With the pictures left out, print exactly the lines below that run from the one containing "Wildlife ecosystem icons" through the one containing "快速安抚敏感脆弱肌肤 抵御紫外线、污染与自由基的伤害".

Supplied records: Begin

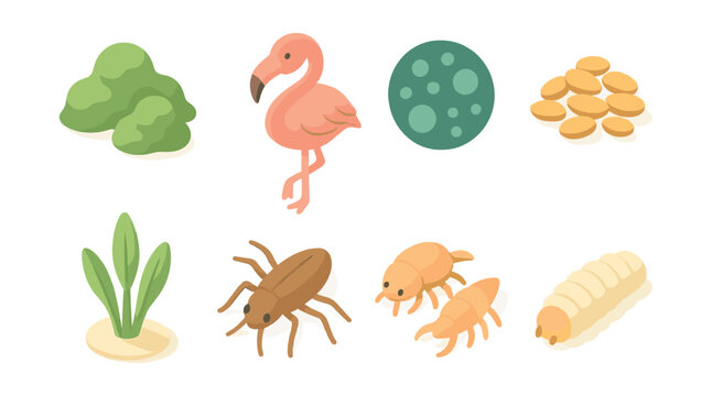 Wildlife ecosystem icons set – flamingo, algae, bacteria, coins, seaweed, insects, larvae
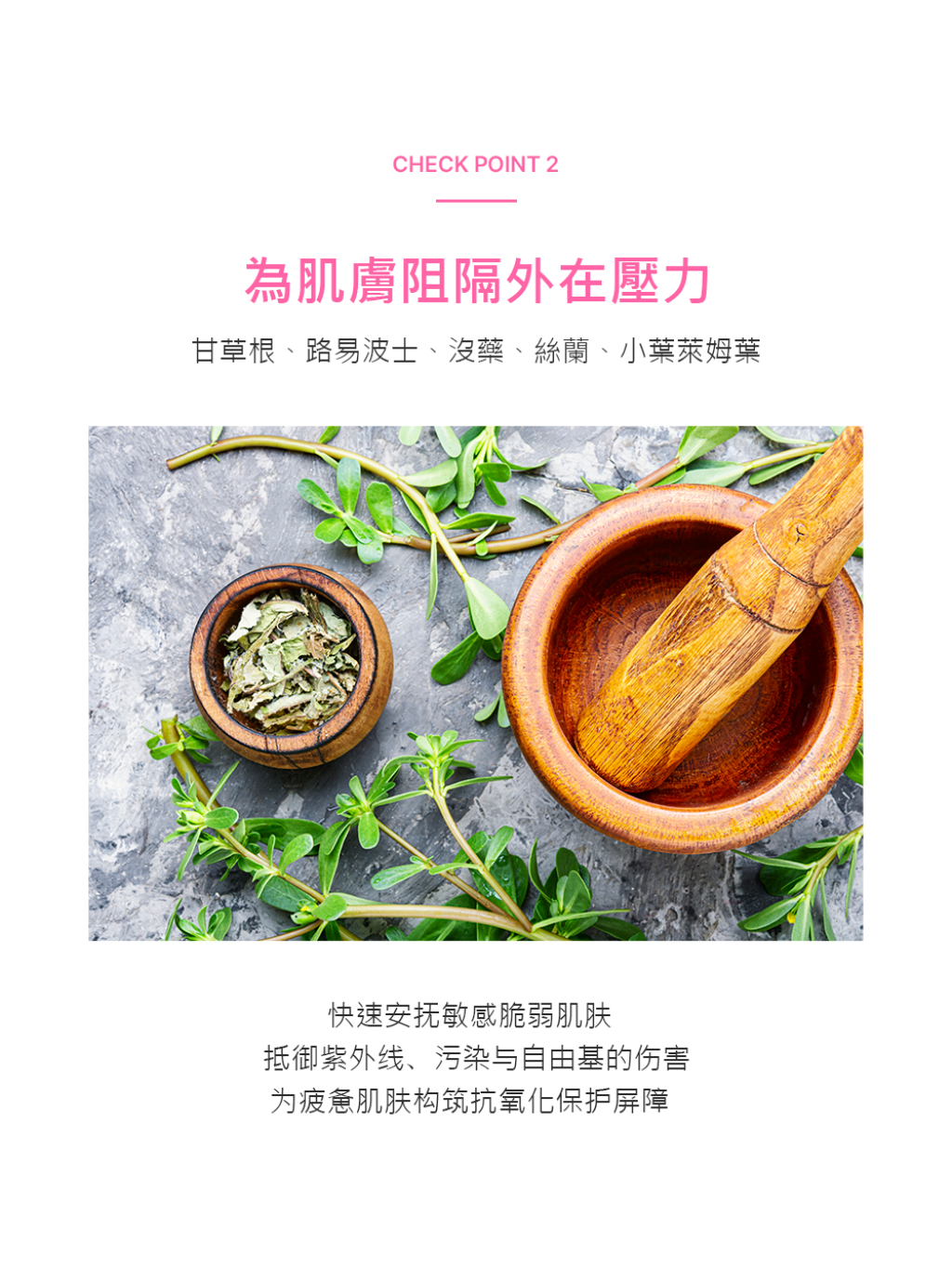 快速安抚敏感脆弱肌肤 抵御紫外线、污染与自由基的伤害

Supplied records: End
Supplied records: Begin

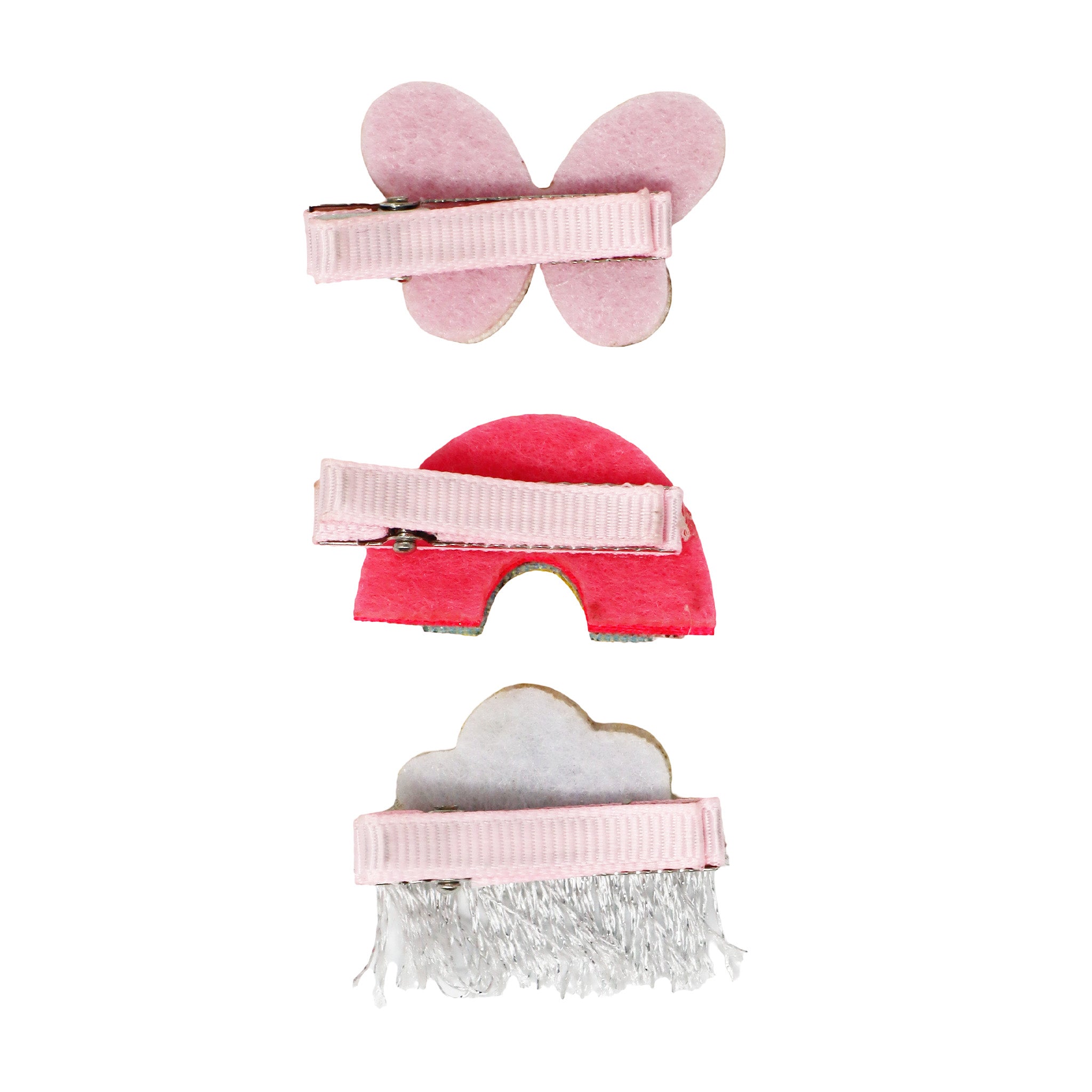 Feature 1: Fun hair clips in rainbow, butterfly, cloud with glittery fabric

Supplied records: End

# Written response:
 Wildlife ecosystem icons set – flamingo, algae, bacteria, coins, seaweed, insects, larvae
 快速安抚敏感脆弱肌肤 抵御紫外线、污染与自由基的伤害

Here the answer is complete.